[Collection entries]
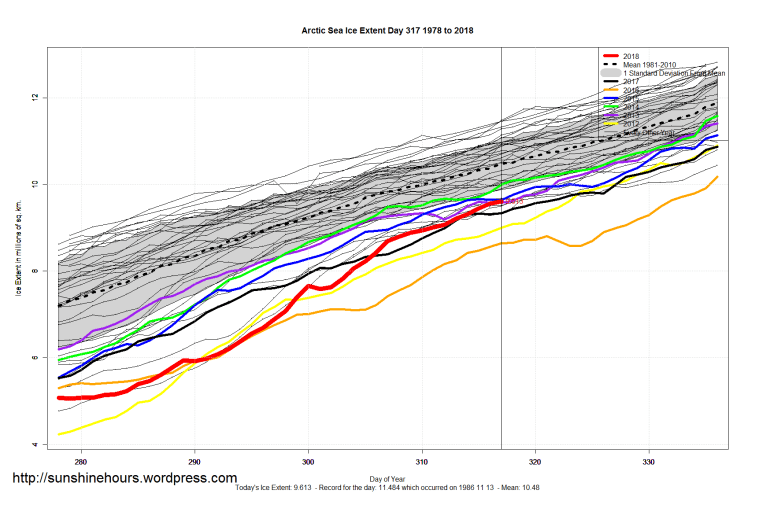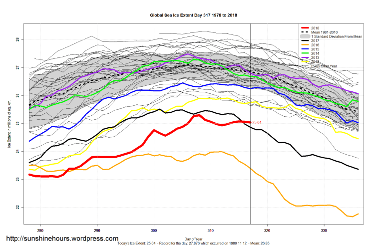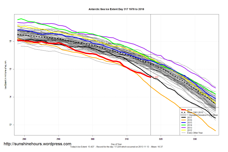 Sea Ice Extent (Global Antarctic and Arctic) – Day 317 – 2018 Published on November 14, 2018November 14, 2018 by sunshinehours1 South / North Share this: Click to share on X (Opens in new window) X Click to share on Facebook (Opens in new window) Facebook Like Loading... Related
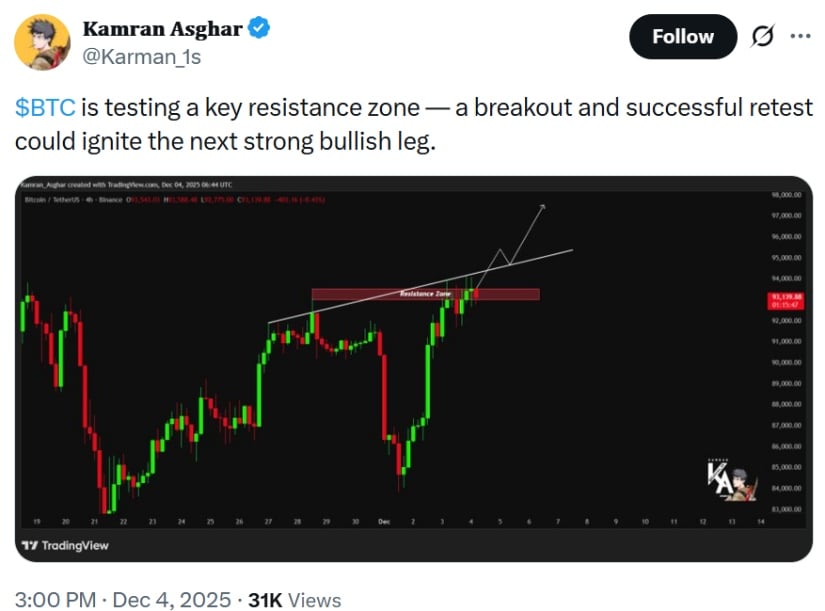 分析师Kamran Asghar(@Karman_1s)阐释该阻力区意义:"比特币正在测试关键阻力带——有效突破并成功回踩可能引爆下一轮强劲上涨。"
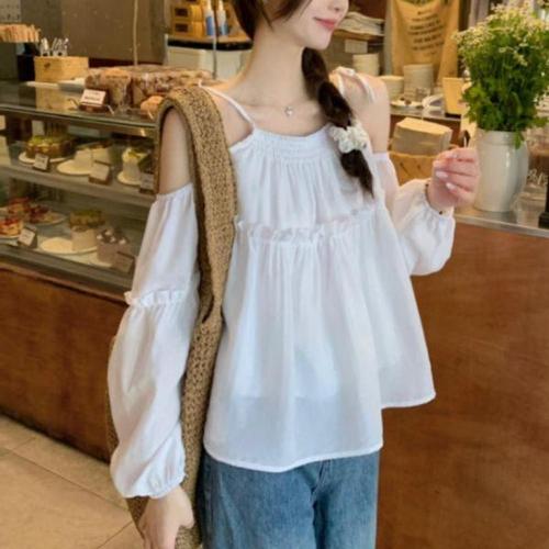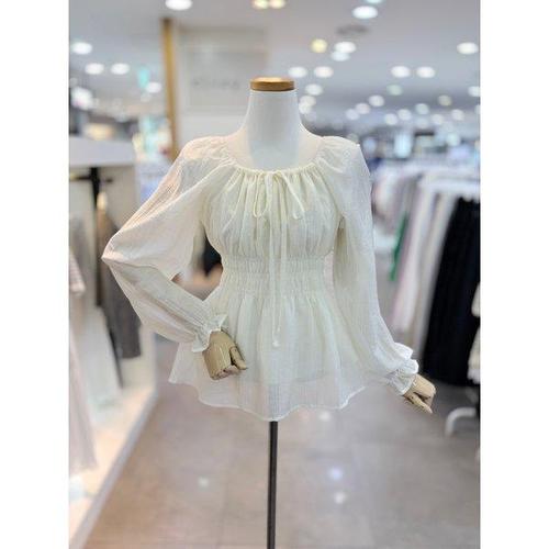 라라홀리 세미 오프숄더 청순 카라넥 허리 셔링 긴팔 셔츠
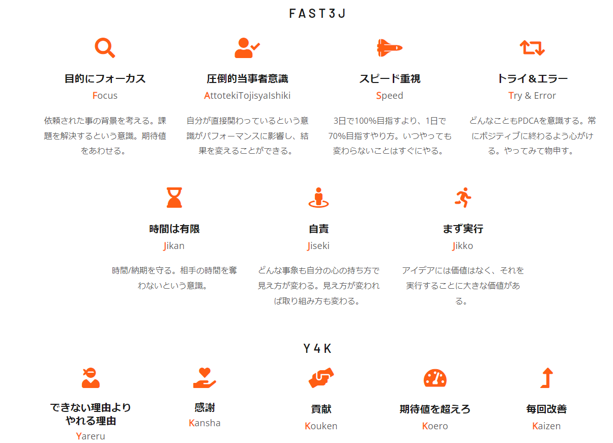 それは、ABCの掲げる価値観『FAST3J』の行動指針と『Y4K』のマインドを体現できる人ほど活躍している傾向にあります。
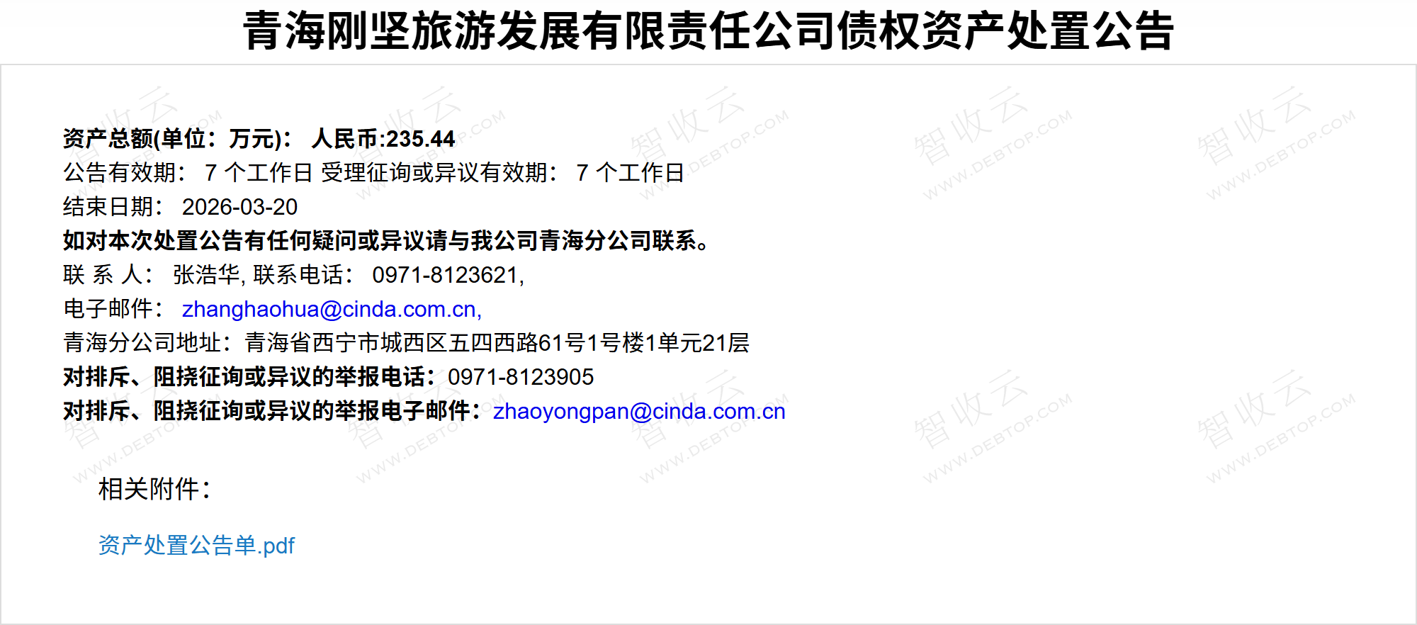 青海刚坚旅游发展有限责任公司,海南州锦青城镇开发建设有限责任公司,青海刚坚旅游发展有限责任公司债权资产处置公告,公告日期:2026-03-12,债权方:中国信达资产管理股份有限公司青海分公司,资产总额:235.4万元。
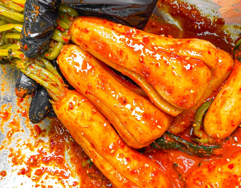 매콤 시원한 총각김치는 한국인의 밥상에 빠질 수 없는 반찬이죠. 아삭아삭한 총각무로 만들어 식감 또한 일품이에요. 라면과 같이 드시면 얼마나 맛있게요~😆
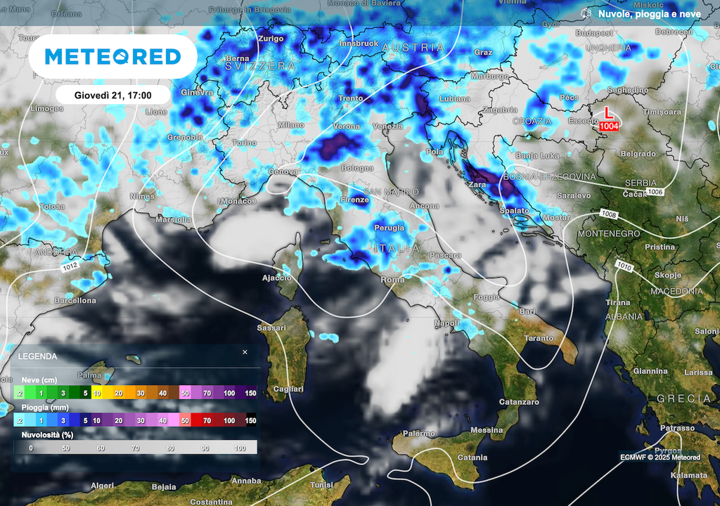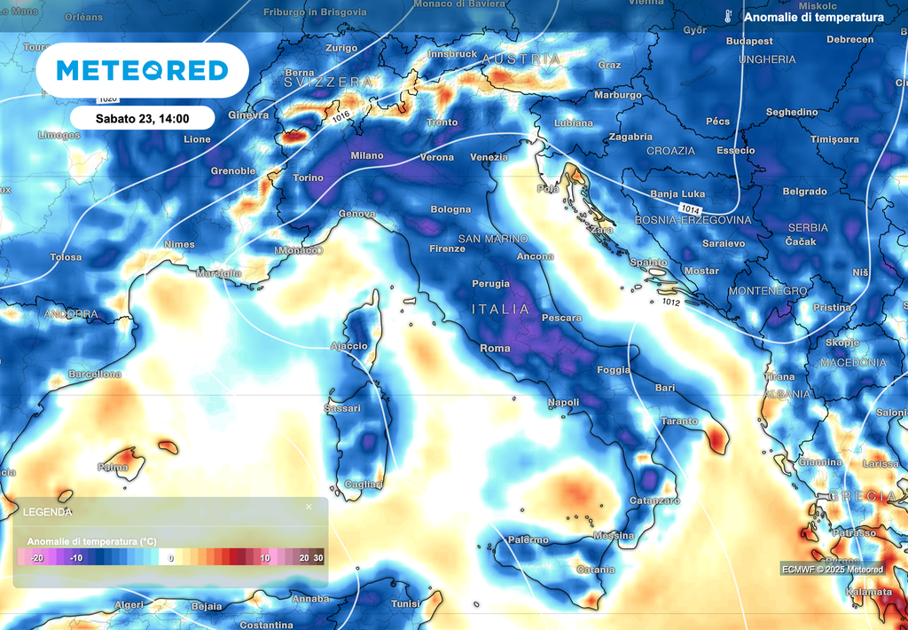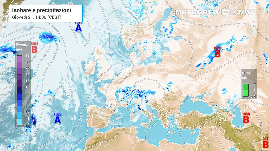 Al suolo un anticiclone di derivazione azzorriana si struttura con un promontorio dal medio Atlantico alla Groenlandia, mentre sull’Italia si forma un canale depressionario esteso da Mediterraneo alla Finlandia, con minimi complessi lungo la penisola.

§ **DIRECTIONS FOR THIS TASK**:
Transcribe all the lines above exactly; any image among them is skipped.

§ **ANSWER BOX**:
 Sea Ice Extent (Global Antarctic and Arctic) – Day 317 – 2018 Published on November 14, 2018November 14, 2018 by sunshinehours1 South / North Share this: Click to share on X (Opens in new window) X Click to share on Facebook (Opens in new window) Facebook Like Loading... Related
 分析师Kamran Asghar(@Karman_1s)阐释该阻力区意义:"比特币正在测试关键阻力带——有效突破并成功回踩可能引爆下一轮强劲上涨。"
 라라홀리 세미 오프숄더 청순 카라넥 허리 셔링 긴팔 셔츠
 それは、ABCの掲げる価値観『FAST3J』の行動指針と『Y4K』のマインドを体現できる人ほど活躍している傾向にあります。
 青海刚坚旅游发展有限责任公司,海南州锦青城镇开发建设有限责任公司,青海刚坚旅游发展有限责任公司债权资产处置公告,公告日期:2026-03-12,债权方:中国信达资产管理股份有限公司青海分公司,资产总额:235.4万元。
 매콤 시원한 총각김치는 한국인의 밥상에 빠질 수 없는 반찬이죠. 아삭아삭한 총각무로 만들어 식감 또한 일품이에요. 라면과 같이 드시면 얼마나 맛있게요~😆
 Al suolo un anticiclone di derivazione azzorriana si struttura con un promontorio dal medio Atlantico alla Groenlandia, mentre sull’Italia si forma un canale depressionario esteso da Mediterraneo alla Finlandia, con minimi complessi lungo la penisola.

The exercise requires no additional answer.